ABOUT THIS TASK
Please repeat each line from the one holding "Ces graphiques montrent" through the final line of the data, exactly as it stands, with no pictures.

STORED DATA
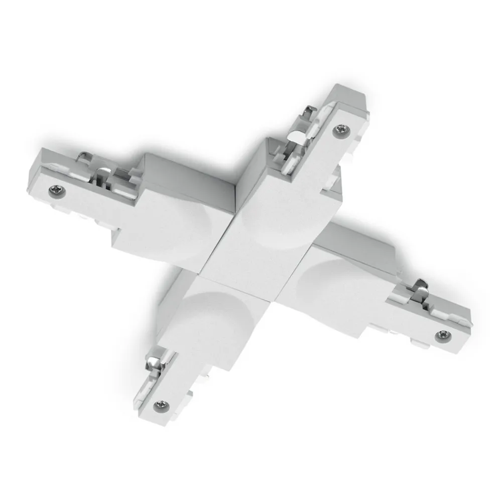 Denne kontakten er beregnet på 2-faset skinnesystem DUOline. Fire skinner kan krysses sammen med X-kontakten. Tilgjengelig i farger for å matche de enkelte skinnene.
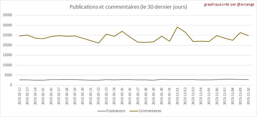 Ces graphiques montrent l'évolution des publications et des commentaires pour toute la durée de vie de la blockchain et pour les 30 derniers jours.
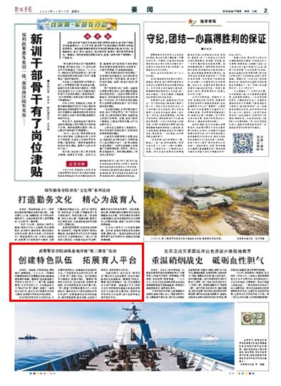 训练过程中,他们结合“强军风采”群众性文化活动要求,安排合唱队教唱红色经典歌曲;“醒狮团”将武术、舞蹈、音乐表演融为一体,并在重要纪念日进行表演。每逢重大节日,特色文化队伍积极参加基地及驻地多种形式的文化演出和比赛活动,逐渐形成军校特色文化品牌,成为促进军地交流的良好平台。

ANSWER BOX
 Ces graphiques montrent l'évolution des publications et des commentaires pour toute la durée de vie de la blockchain et pour les 30 derniers jours.
 训练过程中,他们结合“强军风采”群众性文化活动要求,安排合唱队教唱红色经典歌曲;“醒狮团”将武术、舞蹈、音乐表演融为一体,并在重要纪念日进行表演。每逢重大节日,特色文化队伍积极参加基地及驻地多种形式的文化演出和比赛活动,逐渐形成军校特色文化品牌,成为促进军地交流的良好平台。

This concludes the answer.